NCUA heeds NAFCU’s call to direct operating fund surplus to CUs in 2022

NCUAAs a result of the NCUA Board’s unanimous approval of the agency’s final 2022-2023 budget in December, federal credit union operating fees will decrease by an average of 23.7 percent in 2022. NAFCU previously urged the NCUA to identify and return any surplus funds back to credit unions directly or via credit against 2022 budget expenses. The association repeated the ask during the NCUA’s budget planning process, calling on the NCUA to identify cost-saving approaches to demonstrate its commitment to credit unions. 

In a new Letter to Credit Unions, the NCUA Board notified credit unions that half of the operating fee reduction was a result of the board applying a $15 million credit to amounts that would otherwise be allocated to support the 2022 Operating and Capital Budget. The credit comes from “previously collected operating fees that remained unspent at the end of 2021,” according to the letter. The other half was a result of the agency’s 2021 budget surplus which was used to offset this year’s budget, growth in credit union system assets in 2021, as well as a slight increase to the share of the Operating Budget funded from the Share Insurance Fund (SIF). 

The NCUA provided a 2022 Operating Fee Schedule to help credit unions calculate their 2022 operating fee; operating fees are due to the NCUA on April 15, 2022.

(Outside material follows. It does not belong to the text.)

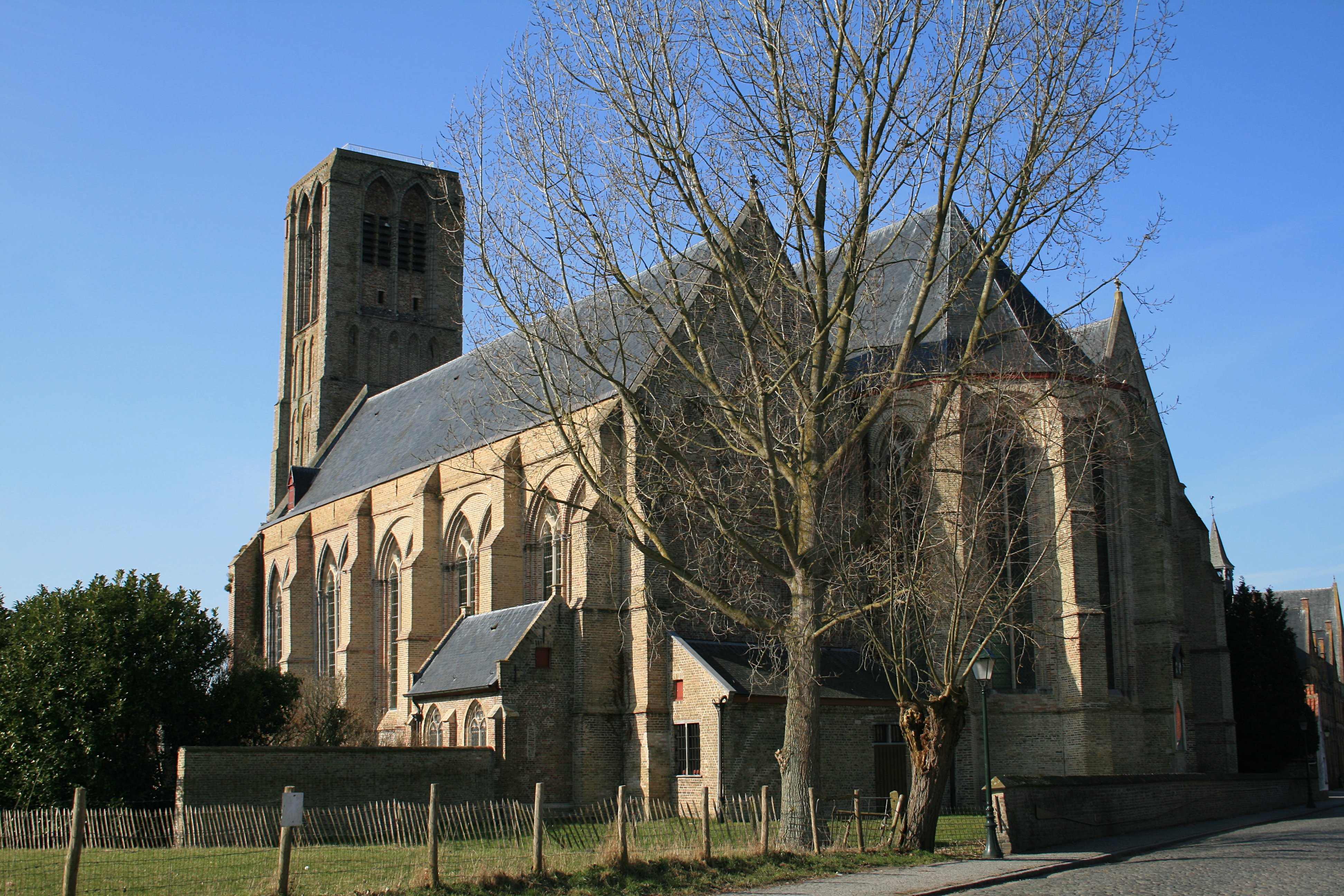 Damme (Belgium), Nave and apsis of the Church of Onze-Lieve-Vrouw-Hemelvaart (Our-Lady of the Assumption).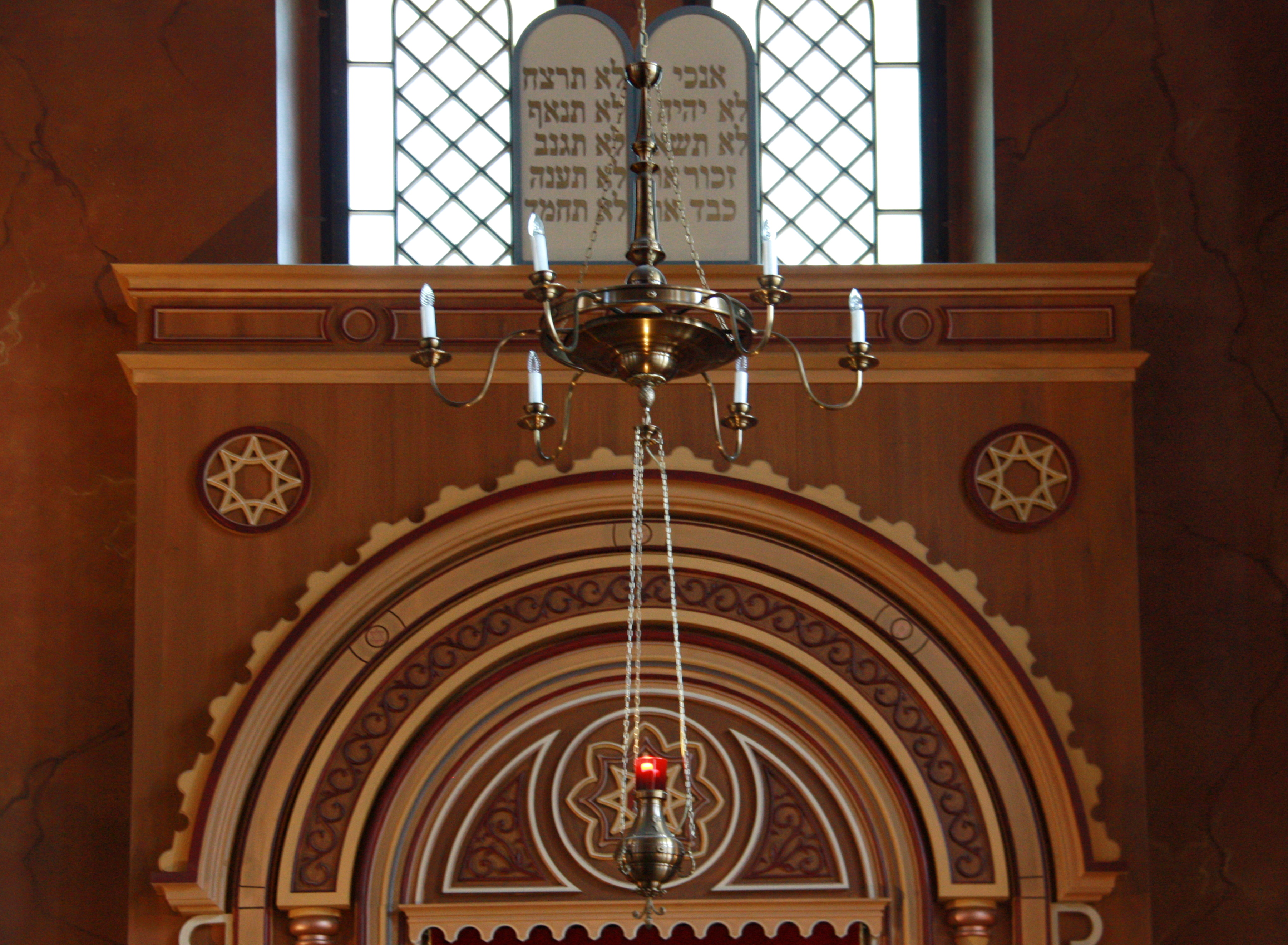 Interior of Krnov synagogue, Bruntál District, Moravian-Silesian Region, Czech Republic

During its budget planning process, NAFCU urged the NCUA to return any surplus funds to credit unions directly or via a credit against 2022 budget expenses. The association has consistently called on the NCUA to identify cost-saving approaches to demonstrate its commitment to credit unions. 

NAFCU remains committed to working with the NCUA to ensure credit unions are able to best serve their members without overburdensome operating fees.